Joe Biden’s biggest asset is said to be his expertise on foreign policy. But he showed an amazing lack of commonsense during his 2002 vote authorizing war against Iraq.
What was Biden thinking? Either he isn’t as smart as people believe he is, or he was completely bending to the prevailing political winds. I would suspect it was more of the latter.
Matthew Yglesias at the Center for American Progress Action Fund gives an interesting rundown on Biden’s pre-war performance that shows Biden engaging in all sorts of contortions. Biden pointed out several flaws in the Bush Administration’s push to war in speeches he made in that time period.

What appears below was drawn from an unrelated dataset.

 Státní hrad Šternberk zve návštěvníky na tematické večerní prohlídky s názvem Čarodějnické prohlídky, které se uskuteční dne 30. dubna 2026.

And, yet, he voted to let them off the leash!
“Biden seems to believe, in a massive misunderstanding of how things work, that by signing on with the Administration he would be able to weigh in on the side of the non-crazy faction and thus influence events in a positive manner,” Yglesias writes. “I don’t really understand why he would have thought that would work.”
In a recent open letter, former CIA analyst Ray McGovern caustically told Biden, “There is no getting away from the important role you played in roping Congress into facilitating that war.”

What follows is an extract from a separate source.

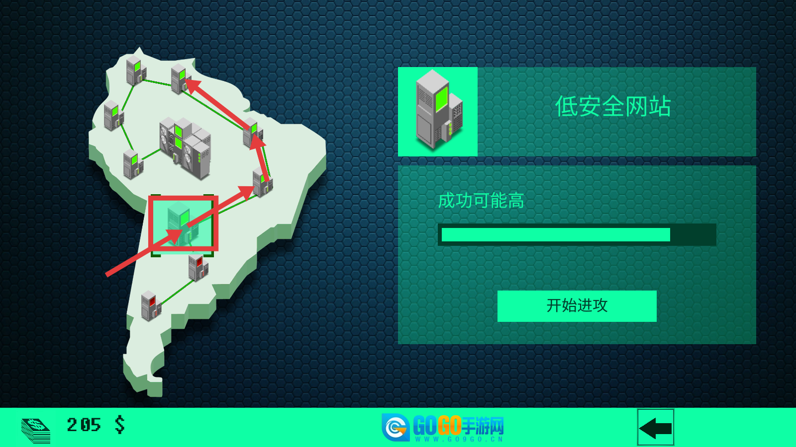4、瞄准【低安全网站】,其【成功可能高】,点击【开始进攻】,持续积累资源与能力,拓展侵入版图。

McGovern reminds us of how Scott Ritter, the former U.N. weapons inspector, called the Biden-chaired pre-war hearings a “sham … to provide political cover for a massive military attack on Iraq.”
In the years since, Biden has pretended that everyone thought that Saddam had WMDs and that the authorization of force was not quite a green signal for Bush to attack Iraq. Sorry. Even someone with my limited expertise knew back then that both of these propositions were false.
Biden has in the recent past tried to make amends by being critical of the war and has even called for a repeal of the 2002 war authorization. Too late for a mulligan. (And, curiously, Biden has latched on to another weird notion: that Iraq needs to be federated—read divided—into three states.)
For the rest, Biden’s foreign policy record has been mixed over his thirty-five long years in office. (And here I’m indebted to Professor Stephen Zunes’s incisive analysis for Foreign Policy in Focus.)
Recently, he’s been good on Iran (calling for negotiations and voting against the bill deeming the Iranian Revolutionary Guards a terrorist organization) but belligerent toward Russia during the Georgia conflict. Further back, he was good on the Nicaragua Contras but bad on key free trade agreements such as NAFTA. And, as Zunes points out, he has been quite horrible on the Israel/Palestine issue.
But it’s the Iraq War vote that he’ll have to live down for the rest of his days. All his much-vaunted expertise didn’t serve him too well on the key foreign policy issue of our era.